→ **ABOUT THIS EXERCISE**
There is material below. Print exactly the lines starting at the line with "Vintage 20K Yellow Gold Jade Ring Size 8" and ending at the line with "Les atouts extérieurs", ends included, and no others.

→ **MATERIAL SHOWN**

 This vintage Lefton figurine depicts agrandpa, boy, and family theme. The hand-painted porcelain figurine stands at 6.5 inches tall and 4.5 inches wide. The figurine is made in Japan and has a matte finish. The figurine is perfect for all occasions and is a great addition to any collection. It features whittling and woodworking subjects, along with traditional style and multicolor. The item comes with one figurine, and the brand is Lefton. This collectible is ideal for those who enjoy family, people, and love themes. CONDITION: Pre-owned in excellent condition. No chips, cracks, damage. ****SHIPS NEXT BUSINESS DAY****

* * *

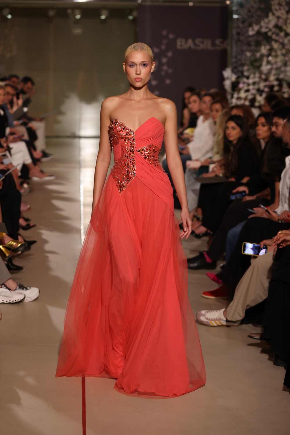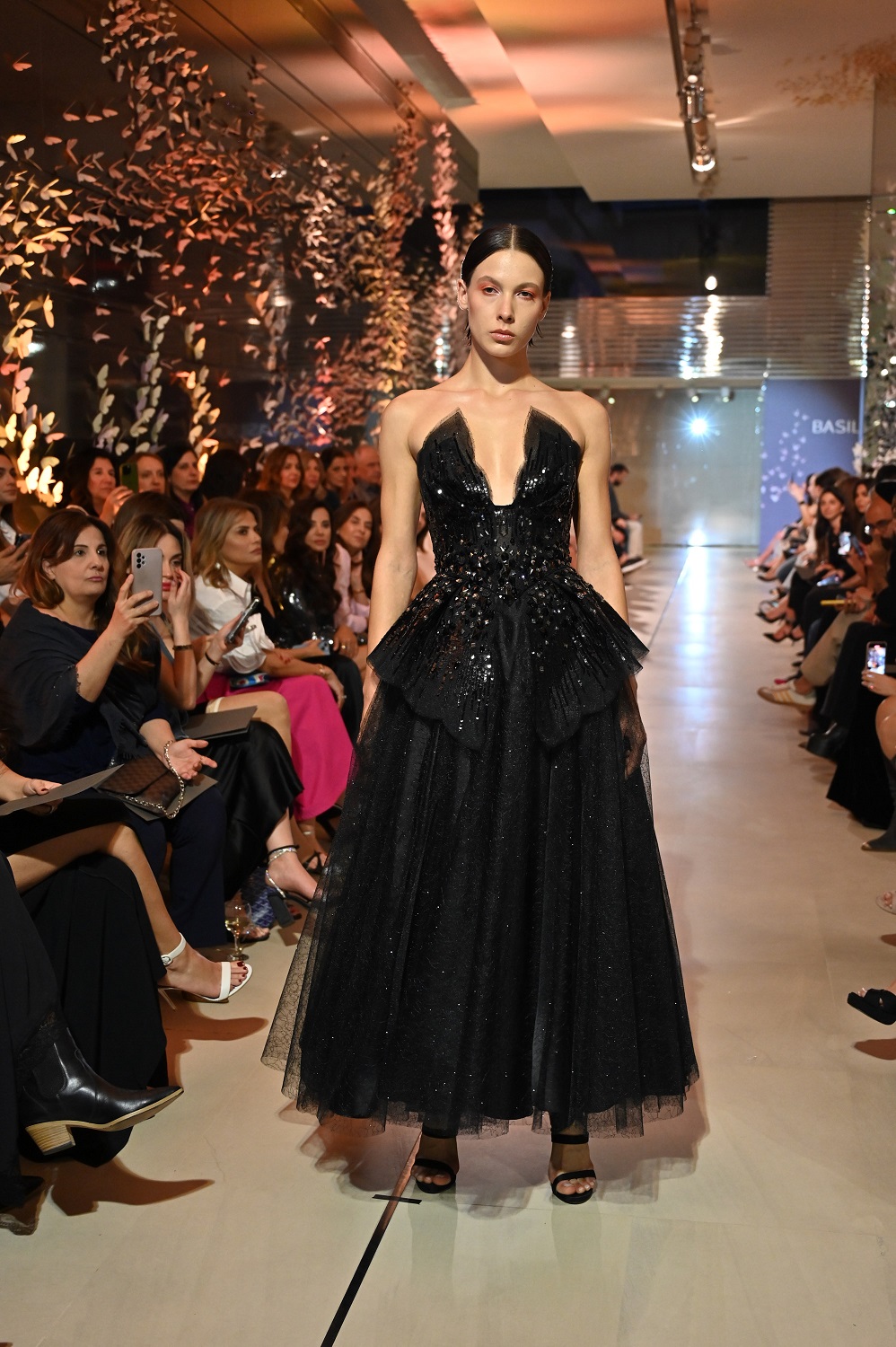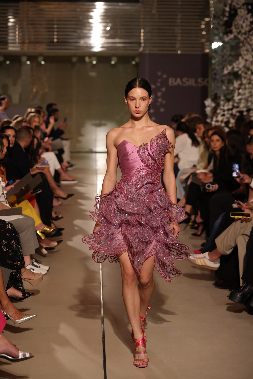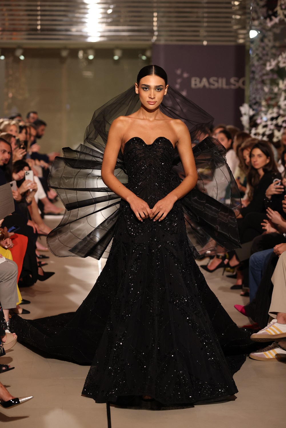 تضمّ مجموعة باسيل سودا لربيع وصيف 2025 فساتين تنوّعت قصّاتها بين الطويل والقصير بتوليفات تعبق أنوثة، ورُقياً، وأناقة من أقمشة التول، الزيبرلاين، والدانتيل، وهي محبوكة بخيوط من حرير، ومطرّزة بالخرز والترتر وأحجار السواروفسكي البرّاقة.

...

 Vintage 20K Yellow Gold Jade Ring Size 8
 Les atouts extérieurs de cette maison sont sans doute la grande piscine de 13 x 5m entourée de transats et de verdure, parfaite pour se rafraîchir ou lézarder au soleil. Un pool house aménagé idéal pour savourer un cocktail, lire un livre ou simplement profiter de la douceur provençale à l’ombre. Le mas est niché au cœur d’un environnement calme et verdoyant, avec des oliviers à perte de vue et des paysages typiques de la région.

→ **SOLUTION TO THE EXERCISE**
 Vintage 20K Yellow Gold Jade Ring Size 8
 Les atouts extérieurs de cette maison sont sans doute la grande piscine de 13 x 5m entourée de transats et de verdure, parfaite pour se rafraîchir ou lézarder au soleil. Un pool house aménagé idéal pour savourer un cocktail, lire un livre ou simplement profiter de la douceur provençale à l’ombre. Le mas est niché au cœur d’un environnement calme et verdoyant, avec des oliviers à perte de vue et des paysages typiques de la région.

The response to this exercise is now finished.